START DATASET CONTENT
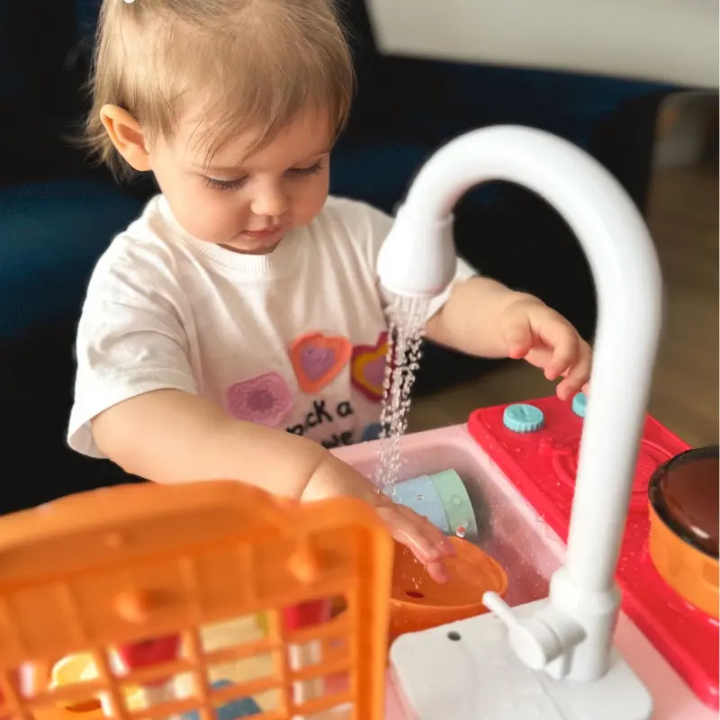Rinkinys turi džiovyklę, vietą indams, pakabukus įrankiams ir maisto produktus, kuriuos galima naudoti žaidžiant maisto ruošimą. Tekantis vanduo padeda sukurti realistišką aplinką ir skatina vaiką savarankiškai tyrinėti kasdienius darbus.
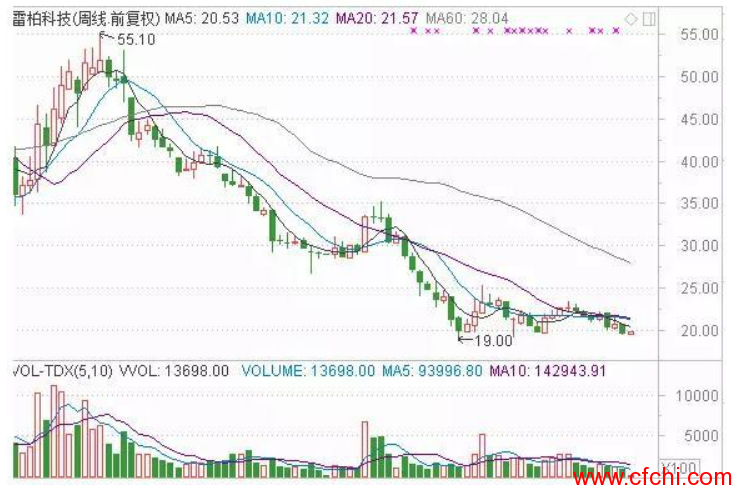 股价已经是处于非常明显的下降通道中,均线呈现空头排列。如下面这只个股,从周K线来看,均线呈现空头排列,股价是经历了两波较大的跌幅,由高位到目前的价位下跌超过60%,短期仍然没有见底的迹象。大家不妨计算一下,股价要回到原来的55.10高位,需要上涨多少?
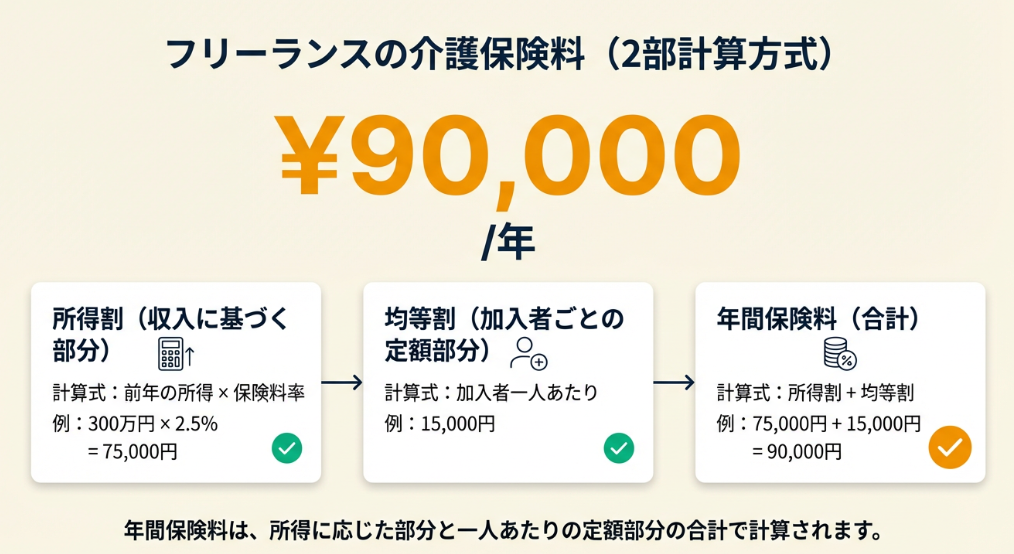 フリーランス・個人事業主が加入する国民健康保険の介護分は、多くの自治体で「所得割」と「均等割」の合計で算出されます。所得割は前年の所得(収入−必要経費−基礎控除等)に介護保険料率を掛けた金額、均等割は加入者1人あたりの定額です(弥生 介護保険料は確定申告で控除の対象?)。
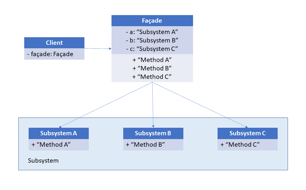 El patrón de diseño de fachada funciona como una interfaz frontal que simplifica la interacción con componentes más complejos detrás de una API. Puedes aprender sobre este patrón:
END DATASET CONTENT
START DATASET CONTENT
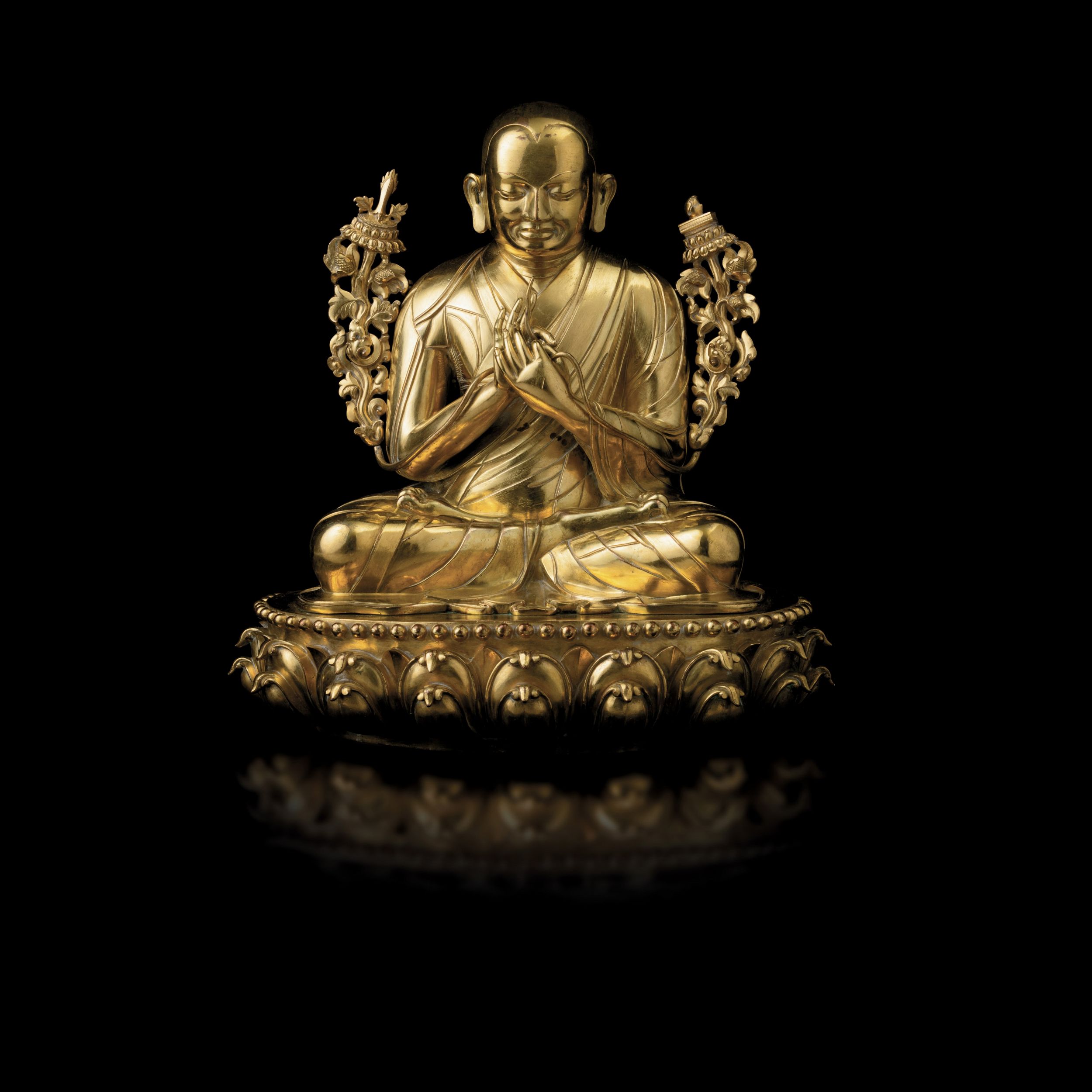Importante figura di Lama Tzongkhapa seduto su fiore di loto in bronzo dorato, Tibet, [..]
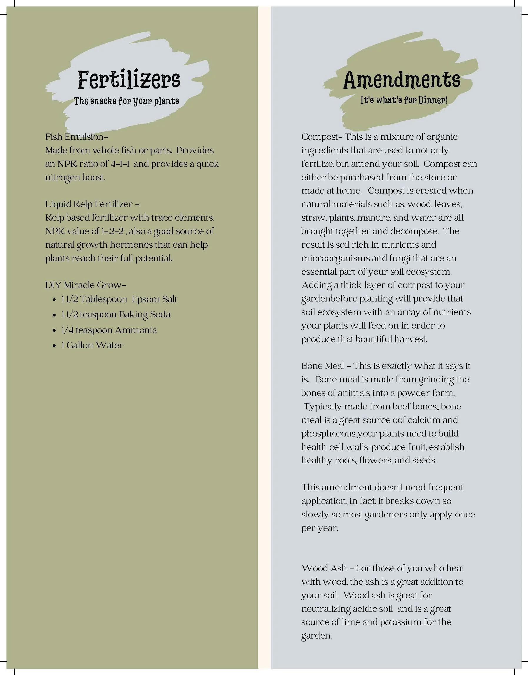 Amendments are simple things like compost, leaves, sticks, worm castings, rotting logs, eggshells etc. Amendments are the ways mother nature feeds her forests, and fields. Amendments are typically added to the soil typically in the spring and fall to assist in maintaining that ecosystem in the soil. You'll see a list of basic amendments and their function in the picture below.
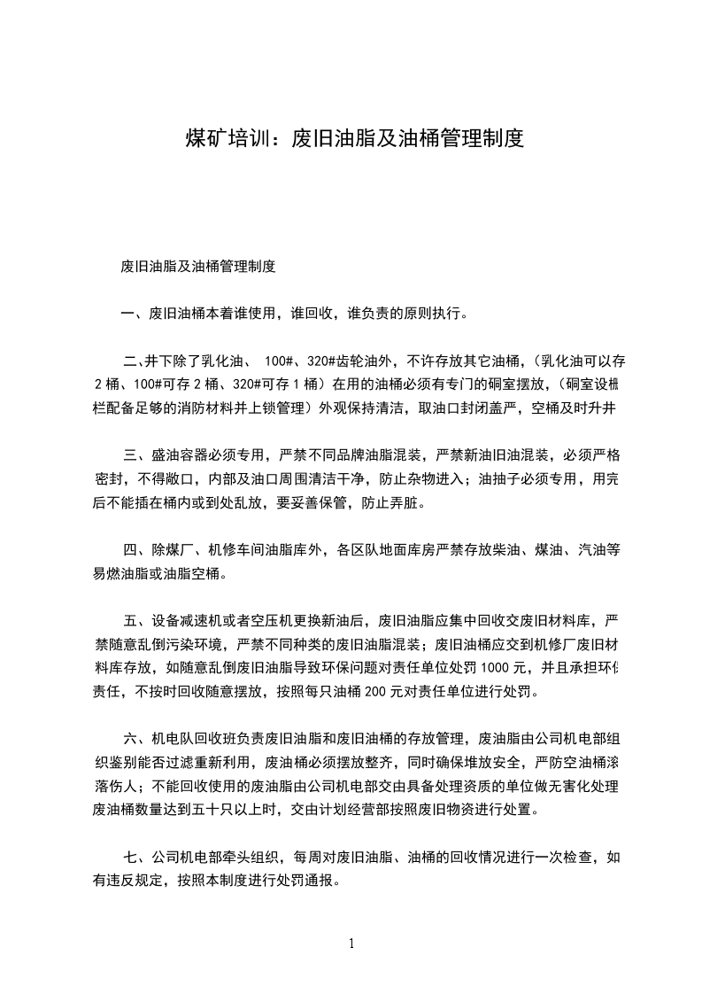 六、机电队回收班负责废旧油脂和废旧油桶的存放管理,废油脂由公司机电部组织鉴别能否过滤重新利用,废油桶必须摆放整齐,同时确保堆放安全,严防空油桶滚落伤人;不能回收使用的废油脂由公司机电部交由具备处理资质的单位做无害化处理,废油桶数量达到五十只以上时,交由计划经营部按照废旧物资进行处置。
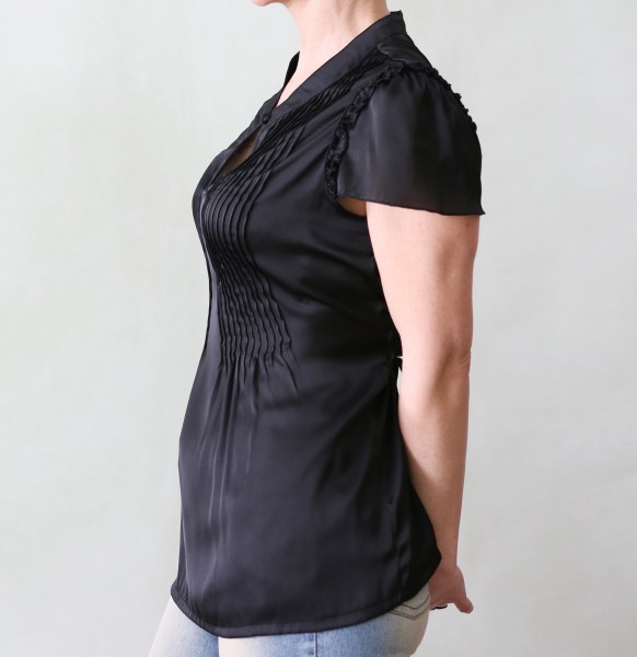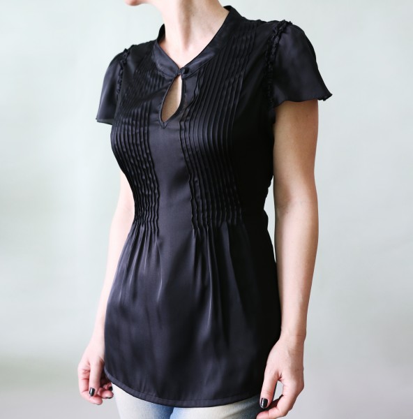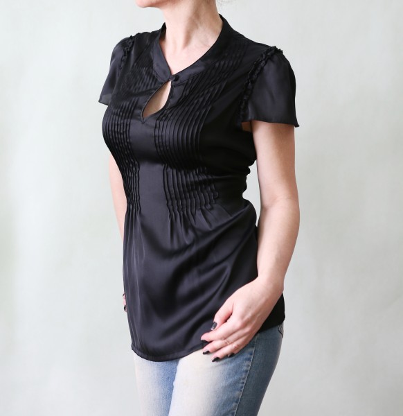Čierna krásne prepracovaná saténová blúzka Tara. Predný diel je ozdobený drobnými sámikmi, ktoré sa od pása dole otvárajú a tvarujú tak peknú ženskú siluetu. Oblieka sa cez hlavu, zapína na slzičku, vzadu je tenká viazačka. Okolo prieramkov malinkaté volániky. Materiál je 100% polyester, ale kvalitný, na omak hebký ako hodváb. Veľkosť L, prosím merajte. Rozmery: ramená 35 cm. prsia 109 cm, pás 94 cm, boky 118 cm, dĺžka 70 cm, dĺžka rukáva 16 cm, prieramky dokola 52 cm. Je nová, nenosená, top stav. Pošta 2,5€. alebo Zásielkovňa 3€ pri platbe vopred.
END DATASET CONTENT
START DATASET CONTENT
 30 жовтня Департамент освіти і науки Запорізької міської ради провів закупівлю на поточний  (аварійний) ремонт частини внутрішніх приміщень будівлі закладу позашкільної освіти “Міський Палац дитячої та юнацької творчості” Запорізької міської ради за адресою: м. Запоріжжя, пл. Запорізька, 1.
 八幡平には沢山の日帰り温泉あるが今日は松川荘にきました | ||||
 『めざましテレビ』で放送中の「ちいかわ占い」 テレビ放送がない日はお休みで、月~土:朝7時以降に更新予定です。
END DATASET CONTENT
# WORK ITEM:
With the pictures omitted, print the lines above exactly, beginning at the line with "Rinkinys turi džiovyklę, vietą" and going on through the line with "El patrón de".

# EXERCISE RESULT:
Rinkinys turi džiovyklę, vietą indams, pakabukus įrankiams ir maisto produktus, kuriuos galima naudoti žaidžiant maisto ruošimą. Tekantis vanduo padeda sukurti realistišką aplinką ir skatina vaiką savarankiškai tyrinėti kasdienius darbus.
 股价已经是处于非常明显的下降通道中,均线呈现空头排列。如下面这只个股,从周K线来看,均线呈现空头排列,股价是经历了两波较大的跌幅,由高位到目前的价位下跌超过60%,短期仍然没有见底的迹象。大家不妨计算一下,股价要回到原来的55.10高位,需要上涨多少?
 フリーランス・個人事業主が加入する国民健康保険の介護分は、多くの自治体で「所得割」と「均等割」の合計で算出されます。所得割は前年の所得(収入−必要経費−基礎控除等)に介護保険料率を掛けた金額、均等割は加入者1人あたりの定額です(弥生 介護保険料は確定申告で控除の対象?)。
 El patrón de diseño de fachada funciona como una interfaz frontal que simplifica la interacción con componentes más complejos detrás de una API. Puedes aprender sobre este patrón:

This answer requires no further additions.